Publication year - 2017
Publication title -
paleoceanography
Language(s) - English
Resource type - Journals
eISSN - 1944-9186
pISSN - 0883-8305
DOI - 10.1002/2017pa003178
Subject(s) - coral , geology , transect , oceanography , aragonite , calcite , reproducibility , barium , biogeochemical cycle , scleractinia , mineralogy , environmental chemistry , chemistry , cnidaria , chromatography , inorganic chemistry
Trace elemental ratios preserved in the calcitic skeleton of bamboo corals have been shown to serve as archives of past ocean conditions.
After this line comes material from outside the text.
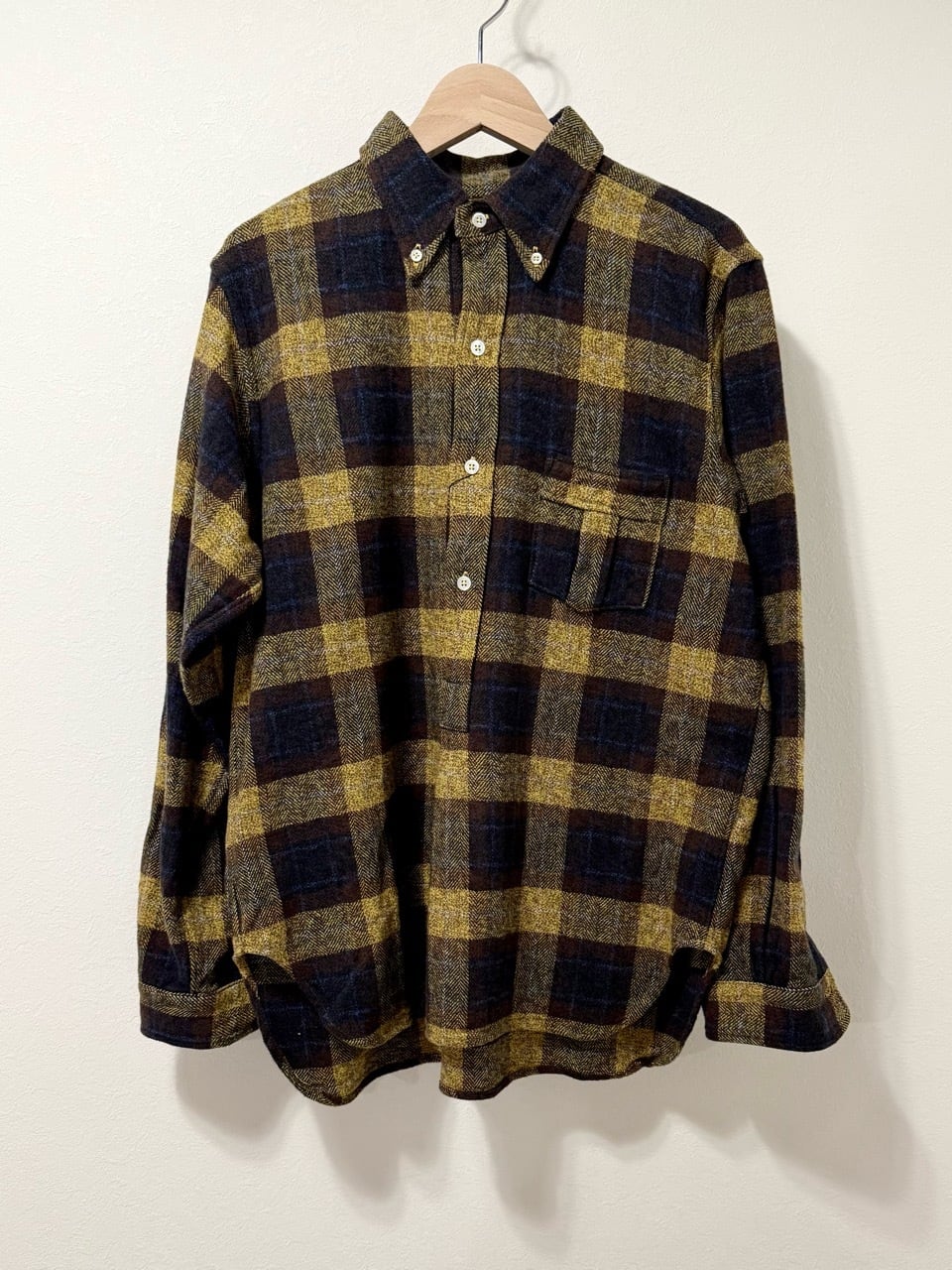 アメリカ老舗ドレスウエアブランドのビンテージ・プルオーバーB.Dシャツを基に作られたこのシャツは、細部にクラシックな魅力を感じさせる一着です。

The concentration of dissolved barium (Ba SW ), a bioactive nutrientlike element, is linked to biogeochemical processes such as the cycling and export of nutrients. Recent work has calibrated bamboo coral Ba/Ca, a new Ba SW proxy, using corals spanning the oxygen minimum zone beneath the California Current System. However, it was previously unclear whether Ba/Ca coral records were internally reproducible. Here we investigate the accuracy of using laser ablation inductively coupled plasma mass spectrometry for Ba/Ca coral analyses and test the internal reproducibility of Ba/Ca among replicate radial transects in the calcite of nine bamboo corals collected from the Gulf of Alaska (643–720 m) and the California margin (870–2054 m). Data from replicate Ba/Ca transects were aligned using visible growth bands to account for nonconcentric growth; smoothed data were reproducible within ~4% for eight corals ( n  = 3 radii/coral). This intracoral reproducibility further validates using bamboo coral Ba/Ca for Ba SW reconstructions. Sections of the Ba/Ca records that were potentially influenced by noncarbonate bound Ba phases occurred in regions where elevated Mg/Ca or Pb/Ca and coincided with anomalous regions on photomicrographs. After removing these regions of the records, increased Ba/Ca coral variability was evident in corals between ~800 and 1500 m. These findings support additional proxy validation to understand Ba SW variability on interannual timescales, which could lead to new insights into deep sea biogeochemistry over the past several centuries.